In order to be a justice worker, I need to be wholeheartedly generous with myself, with my greed. And part of being generous with my own greed, hate and delusion is to acknowledge it. Part of being generous with my greed, hate, and delusion is to confess it and say I'm sorry. That's an act of generosity. It's a gift to myself and to others because it will help me do the same with them. So, again, one way to realize justice is to be wholeheartedly generous with myself and all biased views, all my prejudices, all my unexamined assumptions, all my fears, everything about me, to be wholeheartedly generous with that for the sake of justice and others.

[19:21]

The other way is to be wholeheartedly generous with others. wholeheartedly generous with self, with this consciousness, and wholeheartedly generous to other consciousnesses.
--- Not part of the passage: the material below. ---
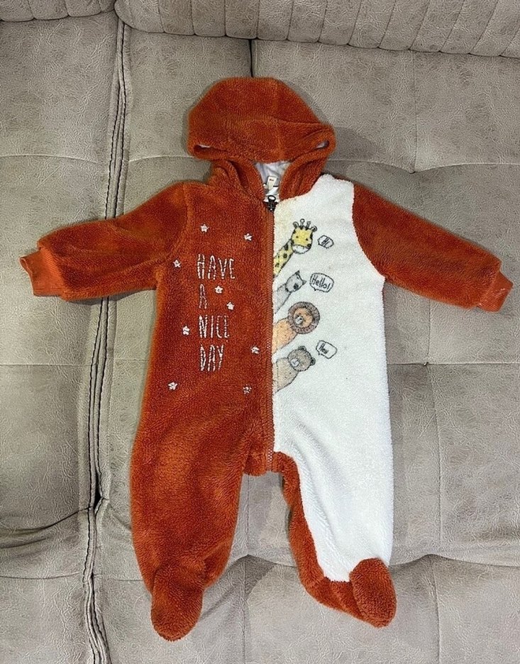 Bu erkek bebek tulumu, kapüşonlu ve yumuşak, sıcak kumaştan yapılmıştır. 2 yaşa kadar kullanabilirsiniz ebebek ten alınmıştır

Another way to say this, which is perhaps more familiar to Zen students, is One way is to sit wholeheartedly with yourself. Wholeheartedly sit with this body and mind. That's one side. The other side is to wholeheartedly converse with others. And this wholehearted conversation with others depends on being generous with them.

[20:36]

And the conversation, the genuine conversation, which realizes justice to others, involves initially a gift. And the gift is to give your world to the others. Give them what you see, what you think, as a gift. Not give it to them to get them to agree with your views. Give them your views as a gift. So that they can question you about it. And also so that then they can give you their gifts and you can question them.

[21:39]

Meeting each other face to face and giving our faces to each other. Meeting each other face to face and giving our worlds to each other. including giving our fear, giving our world to them, and our fear that they'll question us. But we need to give in such a way that they are encouraged to call our world into question. In this way we can get rid of our views without getting rid of them. we can become free of the enclosed egocentric consciousness, which, if we are not sitting with it and bringing it to conversation, interferes with justice.

[22:47]

But if it's cared for inwardly and interpersonally in this way, The hindrances to justice drop away. Another way which you've heard many times is a deep wish that this and other assemblies receive silence and stillness. Silence and stillness is another way to say wholehearted generosity. All this stuff going on with us, part of our work is to be generous with it. In other words, to be silent and still with it so we can listen to it and question it.

[23:58]

in conversation with others, may we receive silence and stillness in the conversation. So we bring silence and stillness to the conversation and we bring the conversation into silence and stillness. We have a body and mind, and we need to get that body and mind grounded. We need to get our feet, the feet of our mind, we need to get them on the ground.

[25:02]

And in order to do that we have to be generous with our feet and the rest of our body and mind. Our job is to ground our body and mind through generosity and respect and patience and gentleness. Moment by moment, ground the body and mind. Wholehearted generosity. Then we're ready to meet another and give the grounded body to them. Now, if they are not doing their work If they're not grounding themselves, it will be hard for them to give their body and mind to God. And we are grounded in that they're not ready to meet us.

[26:08]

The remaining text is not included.